JSW undertook the review petition would be filed within the limitation period.
“We record the submission of the learned senior counsel for the appellant (JSW) that the review petition shall be filed prior to the expiry of the limitation period and in accordance with the law,” the Bench observed.
On May 2, the Supreme Court rejected the ₹19,700 crore resolution plan submitted by JSW Steel for BPSL, holding the plan “illegal” and ordered the latter’s liquidation, four years after the company was acquired under the Insolvency and Bankruptcy Code (IBC). ALSO READ: BPSL issue one-off, will weigh opportunities on merit: JSW Steel's Acharya
After the Supreme Court judgment, former BPSL promoter Sanjay Singal approached the NCLT, Delhi, urging it to enforce the liquidation order.
Commenting on the order, Alay Razvi, managing partner of law firm Accord Juris, said the Supreme Court’s decision to halt liquidation proceedings without a formal review petition filed was atypical.

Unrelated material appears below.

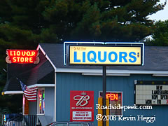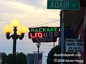 This old neon sign is for the Package Liquor Store in North Judson, IN. Even with just part of the "liquor" part of the lettering lit, the sign beats other modern signs in its ability to catch the eye of passersby. 11-08

“Such stays are granted after filing a review petition and almost never in commercial matters where timelines and finality are critical,” he said.
Amit Tungare, managing partner of law firm Asahi Legal, said the Supreme Court, by proactively staying the liquidation proceedings, acknowledged the substantial economic implications in corporate insolvency resolutions.
“Such anticipatory interventions, though uncommon, demonstrate judicial pragmatism aimed at safeguarding broader stakeholder interests,” he said.
Nitin Jain, partner at law firm Agama Law Associates, said: “The impact would be that parties would not act upon the earlier passed order by the apex court, which quashed JSW’s Resolution Plan for Bhushan steels in the meantime. The fate of this order may impact the large insolvency which are underway and reached at advanced stages of the Insolvency resolution.”